4. Sculpt the Bass' Tone Using Saturation and EQ
At this point, and with minimal effort, your bass track should sound pretty good. It may still require some tastemaker processing, but you want it to sound about 80% finished at this point. Using saturation and EQ, you can thicken your bass some more, and shape its frequency response. You’re also able to darken or brighten the sound to your liking.
Tape machine plugin emulations work exceptionally well on bass. They typically provide a subtle distortion and compression effect that helps to warm up your low-end. The J37 Tape and Kramer Master Tape by Waves are both excellent tape emulations, and yes, you can use the Kramer Master Tape for purposes other than mastering. Another great option is Virtual Tape Machines by SlateDigital. Setting up a tape machine emulation is a relatively straightforward process; you flip knobs and press buttons until you achieve the sound you’re looking for. Most tape machine plugins tend to act in rather unique ways, so experimenting with them is the best way to go about finding the sound you’re after.
Once you’ve beefed up your bass with saturation, you may want to sculpt the sound further using an EQ. For a transparent sound, the FabFilter Pro-Q 3 will work well, but if you're looking for a bit more flavor, check out an analog-modeled EQ like the Waves PuigTec EQP-1A. Universal Audio also makes a great emulation called the Pultec EQP-1A, which is part of their Pultec Passive EQ Collection.

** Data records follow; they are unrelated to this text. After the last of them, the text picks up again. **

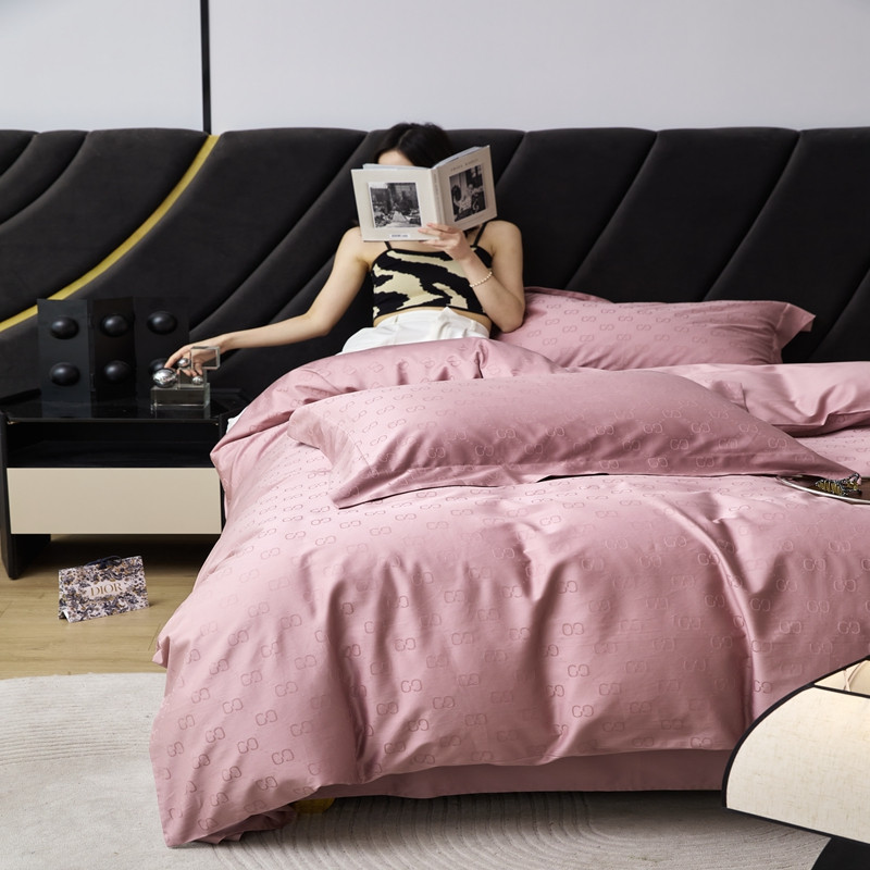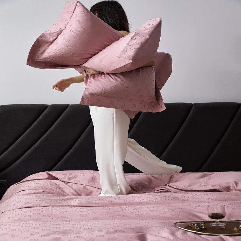 安莱生活 2023新款 100S纯棉提花四件套 简-粉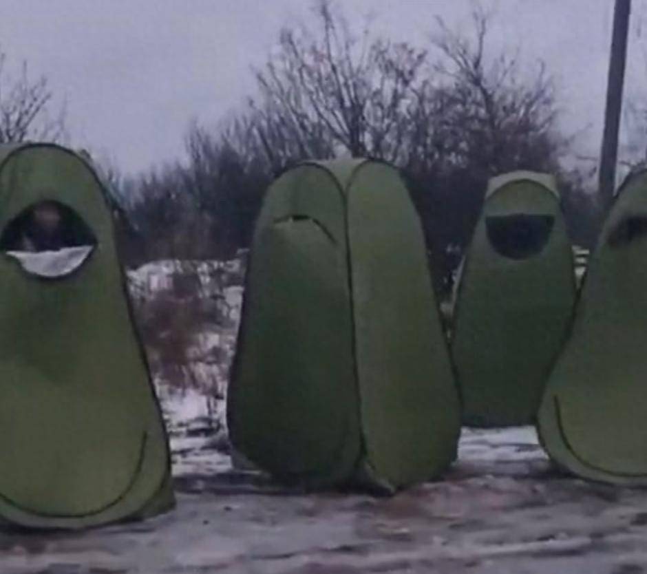 一段来自乌克兰被占领土前线的视频显示,在零下14摄氏度的冰封土路旁,至少六七名普京的士兵蜷缩在单薄的绿色隐私帐篷里。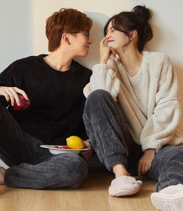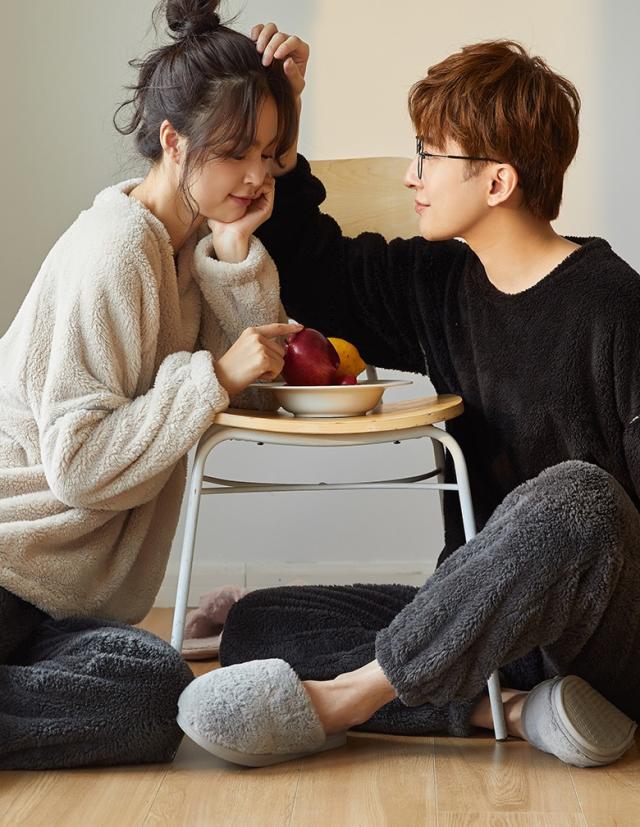パジャマ もこもこ ルームウェア 長袖 ズボン ロング丈 秋 冬 パジャマ 部屋着 寝巻き ナイトウェア ウエストゴム ラウンドネック ふわふわ 上下 2点セット ツーピース ゆったり 大人 女子 かわいい シンプル カジュアル おしゃれ キュート ラフ おうち時間 休日 お泊り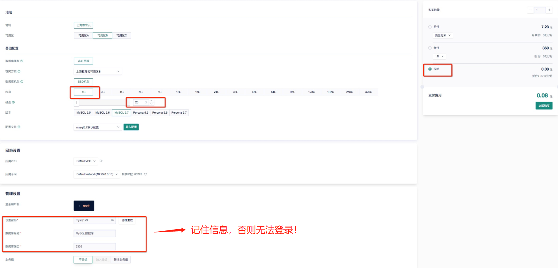 ******注意,实验结束请立即删除云主机和数据库,节省费用******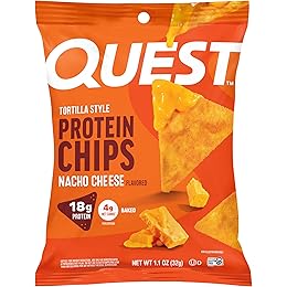 Quest Nutrition Nacho Cheese Tortilla Style Protein Chips, 18g Protein, 4g Net Carb, Low Carb, Gluten Free, 1.1 oz (Pack of 12)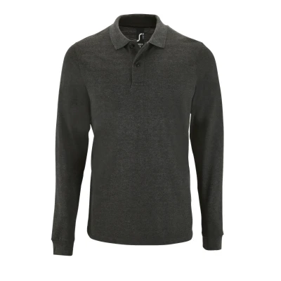 SOLS Mens Perfect Long Sleeve Pique Polo Shirt (Charcoal Marl) Cotton Size X Large

Imagine building up a mound of clay (saturation) and then trimming away the excess to reveal a sculpture within the clay (EQ). Saturation can make your bass more noticeable in the mid range, as well as the top end of your mix. To let other instruments in your mix shine, it may be a good idea to cut away some of this upper frequency content.

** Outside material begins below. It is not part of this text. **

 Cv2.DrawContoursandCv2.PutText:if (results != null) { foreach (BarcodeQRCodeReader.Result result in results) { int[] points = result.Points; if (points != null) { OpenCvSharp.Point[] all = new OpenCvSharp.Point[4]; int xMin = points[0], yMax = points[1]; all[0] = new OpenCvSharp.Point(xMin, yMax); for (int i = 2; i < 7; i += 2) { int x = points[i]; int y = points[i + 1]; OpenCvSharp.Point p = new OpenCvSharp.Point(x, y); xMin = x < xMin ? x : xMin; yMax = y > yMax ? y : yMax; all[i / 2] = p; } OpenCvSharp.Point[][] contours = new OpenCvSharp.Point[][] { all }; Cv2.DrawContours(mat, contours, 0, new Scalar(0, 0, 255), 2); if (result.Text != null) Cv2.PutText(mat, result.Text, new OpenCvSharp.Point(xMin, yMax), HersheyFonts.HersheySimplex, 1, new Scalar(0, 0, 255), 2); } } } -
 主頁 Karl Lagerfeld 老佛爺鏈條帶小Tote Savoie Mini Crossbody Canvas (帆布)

The trick to creating powerful basslines is to start with a quality arrangement and ensure that you tackle as many problems at the sound source as possible. Whether it’s modifying the amp envelope of a synth, or getting a bassist to perform their part more consistently, it’s often best to refrain from adding processing to your sound unless it’s necessary. When you do need to use a specialized tool, make sure that you’re able to clearly identify the problem that you’re trying to solve, and pick the appropriate plugin for the job.